Reverse transcription-polymerase chain reaction (RT-PCR)
Total RNA was extracted from HGECs using the Trizol reagent (Invitrogen, Waltham, MA, USA), and then cDNA synthesis was performed using AccuPower® RT PreMix (BIONEER, Daejeon, Korea) for conventional PCR and Superscript III (Invitrogen) for quantitative PCR. For conventional PCR, cDNAs were amplified with EmeraldAmp GT PCR master mix (Takara Bio Inc., Shiga, Japan) and the products were visualized on a 1.5% agarose gels. SensiFAST SYBR Hi-ROX Kit (Bioline, Taunton, MA, USA) was used for quantitative PCR. The sequences of primers used are listed in S1 Table.

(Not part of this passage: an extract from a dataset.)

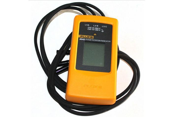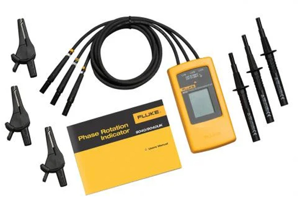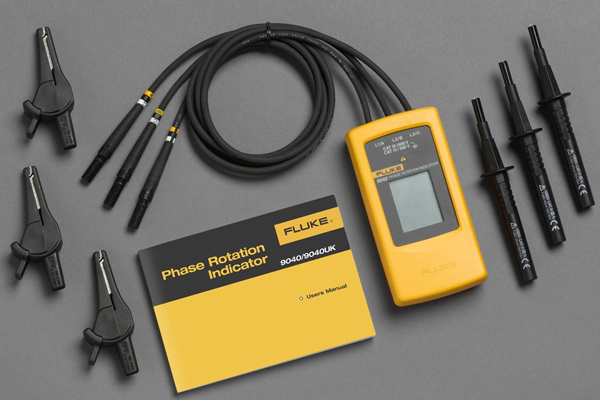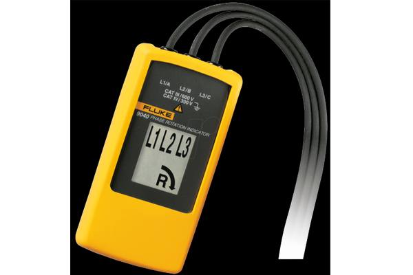 The Fluke 9040 is effective for measuring phase rotation in all areas where three phase supplies are used to feed motors, drives and electrical systems. The Fluke 9040 is a rotary field indicator and can provide clear indication of the 3 phase via an LCD display and the phase rotation direction to determine correct connections. It allows rapid determination of phase sequence and has a voltage (up to 700 V) and frequency range suitable for commercial and industrial applications. The included test probes have a variable clamping range for safe contact, also in industrial sockets.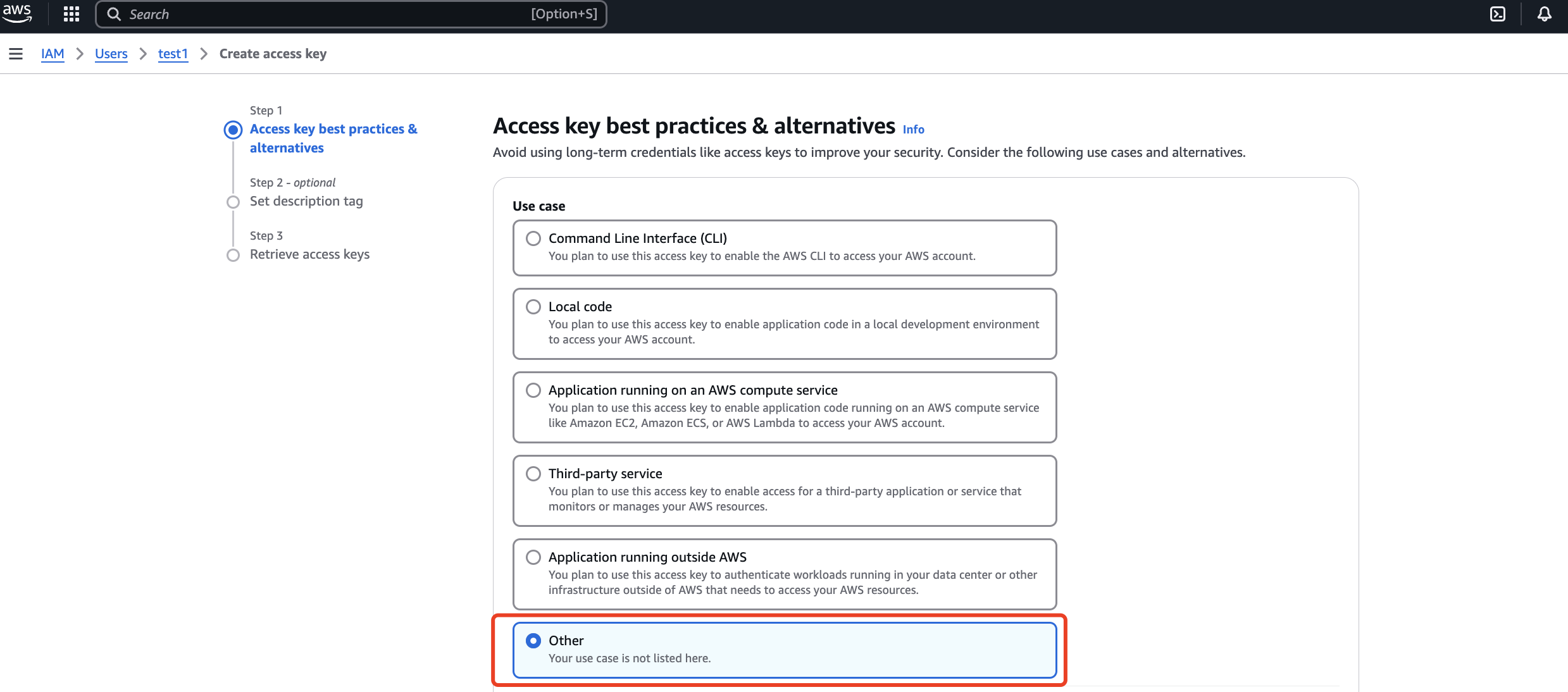 3. 选择 Other,单击 Next 创建。注意保存好 Access key ID 和 Secret access key。

Inflammatory cytokine measurement
Amount of secreted inflammatory cytokines was measured with supernatant from HGECs using Qunatikine enzyme-linked immunosorbent assay (ELISA) kit for human IL-1β, TNFα and IL-6 (Minneapolis, MN, USA). The epithelialcell viability was >90% and the value were normalized with cell number.
P. gingivalis infection
P. gingivalis 33277 were grown anaerobically (85% N2, 10% H2, and 5% CO2) in brain heart infusion medium with hemin and vitamin K. The bacteria, at multiplicities of infection (MOI) of 100, were incubated with HGECs in antibiotic-free HGECs culture medium. After washing with phosphate-buffered saline, the remaining external bacteria were killed with metronidazole and gentamicin. No effects of P. gingivalis (100 MOI) infection on the viability and growth of cells were presented in Supporting Information (S1 Fig). P. gingivalis LPS standard (Pg LPS) is produced by a standard LPS preparation. It exhibits TLR2 activity due to a contaminant lipoprotein and also activates cells through TLR4 [14–16]. P. gingivalis LPS ultrapure (Pg LPS-ulp) underwent enzymatic treatment to remove lipoproteins and thus only activates TLR4. Endotoxin-free water utilized to dissolve both Pg LPS and Pg LPS was used as the solvent control in all the experiments.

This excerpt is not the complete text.